Well I live in Australia, and where I live I only know one person who rides western, and they ride in a bridle, so. I want to put my gelding in a bosal… He pretty much rides off my seat and leg now, and because it’s so dry here they are all getting cracked lips from carrying a bit. I hardly touch the reins when I’m out on the trail, so I would really like to put him in a bosal for trails, then back to the snaffle for training/competition.

So do any of you ride in a bosal/have experience teaching a horse in a bosal? What thickness would be good for him to start out in, and what are some things to look out for when buying one, to make sure I don’t get a dud, as I will probably have to buy one through the internet?
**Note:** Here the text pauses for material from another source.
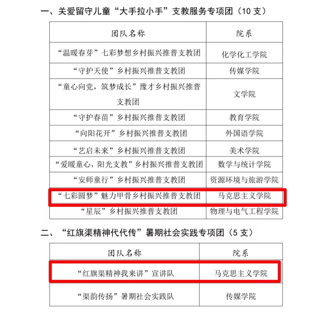 近日,共青团我校委员会发布关于2024年暑期社会实践校级专项团队立项的通知,我院“七彩圆梦”魅力甲骨乡村振兴推普支教团以及“红旗渠精神我来讲”宣讲队,成功入选校级团队立项。

Is there any major change in how I would ride/steer him in it? 

Also, will riding him long and low in a bosal a lot have any impact when I have the snaffle on and ask him to take up the contact/ride into it?

Any help would be appreciated!


----------



## smrobs (Jul 30, 2008)

I have ridden a few horses in a bosal and I would suggest a braided rawhide bosal that is at least 5/8 or 3/4 inch in diameter (2 cm?) Also, if he is working off leg and body cues now, it would be easy to transition him from bit to bosal. It would just take him a little bit to figure out the pressure because it has different pressure than the bit. I don't think riding him long on trail would cause any problems getting him to contact the bit. However, have you just tried riding in a rope halter/lead. That is kinda the same thing and costs a lot less.


----------



## wild_spot (Jan 30, 2008)

Thanks! I rode him in a rope halter last night, but it doesn't fit him the best. He was pretty good, took him a while to figure out how to turn his head right though, lol.


----------



## smrobs (Jul 30, 2008)

It will take a while to learn with any drastic change in head-gear. If you get along and he is responsive, I would just stick with the halter and forget the bosal. Might want to get one that fits him though.


----------



## wild_spot (Jan 30, 2008)

I know, it's one I found and decided to try! I'm headingto buy him his own one this afternoon :]


----------